If you intend to self-host Invidious within a sub-folder, like your-website.com/invidious/, this is not officially supported and is unlikely to be in the future. I understand their viewpoint, yet I believe this is a legitimate scenario. For an individual self-hoster, getting an additional domain solely for Invidious may not be that easy. While a subdomain remains an option, there are scenarios where it may not be viable.

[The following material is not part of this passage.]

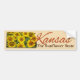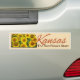 Kansas lleva el nombre de la tribu Kansa Native American, que originalmente habitó la zona. Aunque el apodo oficial es "El Estado Girasol", Kansas también se llama "El Estado Libre" y "El Estado Trigo". En 2015, Kansas era uno de los estados agrícolas más productivos del país, produciendo altos rendimientos de trigo, maíz, sorgo y soja. La aparición más famosa del estado en la literatura fue como el hogar de Dorothy Gale, el personaje principal de la novela "El Maravilloso Mago de Oz". Cuando Dorothy dijo: "No hay un lugar como el hogar", se refería a Kansas. "Little House on the Prairie" de Laura Ingalls Wilder, publicado en 1935, es otro conocido relato sobre Kansas. Incluso se dice que Superman proviene de Kansas. ... ... de la ciudad ficticia de Smallville. Los restaurantes Pizza Hut abrieron su primera ubicación en Wichita, Kansas. El glorioso girasol es la flor oficial del estado, y es tanto un cultivo como un ornamental. Los girasoles son nativos de las Américas. Históricamente, se han utilizado para la medicina, el tinte, los alimentos y el petróleo. En el escenario de la cresta, los girasoles exhiben un rasgo único llamado heliotropismo, con el que el brote del girasol se enfrenta al sol en todo momento durante todo el día, comenzando el día mirando hacia el este y terminando hacia el oeste. No todos los pétalos de girasol son amarillos. Hay más de 60 variedades de girasoles que viven en todo el mundo —algunas de estas variedades tienen pétalos rayados. Algunos girasoles también tienen diferentes matices interiores. Este espectacular diseño rinde homenaje a nuestro hermoso estado número 34 y a la increíble flor que honra. Un contorno del estado está lleno de hermosos girasoles. Esto está emparejado con el naranja de calabaza "Kansas" y, con un guiño a su fértil tierra, anclado en un profundo y terrenal "Estado girasol". ¡Esta encantadora pegatina de parachoques es un excelente recuerdo de sus maravillosas vacaciones en Kansas!

Continuing with the example above, let's assume that you want to serve Invidious under your-website.com/invidious/. Firstly, follow the officail guide to install Invidious. Then we need to a few configuration changes in config/config.yml:
# If your nginx serves through https, then change this to 443: external_port: 443 # Again, if your nginx serves through https, then this needs to be true: https_only: true # Your domain domain: your-website.com
And here is the relevant nginx configuration:
# Change each instance of the text "/invidious/" with the subfolder
# path that you want in the following configuration:
location /invidious/ {
# 3000 is the default port, change the following if you have changed
# it (see config/config.yml port):
proxy_pass http://127.0.0.1:3000/;
proxy_set_header X-Forwarded-For $remote_addr;
proxy_set_header Host $host;
proxy_http_version 1.1;
proxy_set_header Connection "";
proxy_redirect / /invidious/;
# Now we are going to do some sub_filter'ing which is essentially
# doing some simple string replacements on the response.
# Disable compression (from invidious to nginx) so that sub_filter
# works
proxy_set_header Accept-Encoding "";
# Disable sub_filter_once so that each instance of strings that we
# want to replace gets replaced instead of getting replaced once.
sub_filter_once off;
sub_filter_types text/javascript application/json;
sub_filter /api/ /invidious/api/;
sub_filter /vi/ /invidious/vi/;
sub_filter /channel /invidious/channel;
sub_filter /ggpht/ /invidious/ggpht/;
sub_filter /toggle_theme /invidious/toggle_theme;
sub_filter /token /invidious/token;
sub_filter /subscription /invidious/subscription;
sub_filter 'src="/' 'src="/invidious/';
sub_filter 'href="/' 'href="/invidious/';
sub_filter 'action="/' 'action="/invidious/';
}
Also see the official nginx configuration for reference.
Of course this is not a very sound way to do things, each update to Invidious has a chance to cause some breakage but it works for now. I'll try to keep this updated.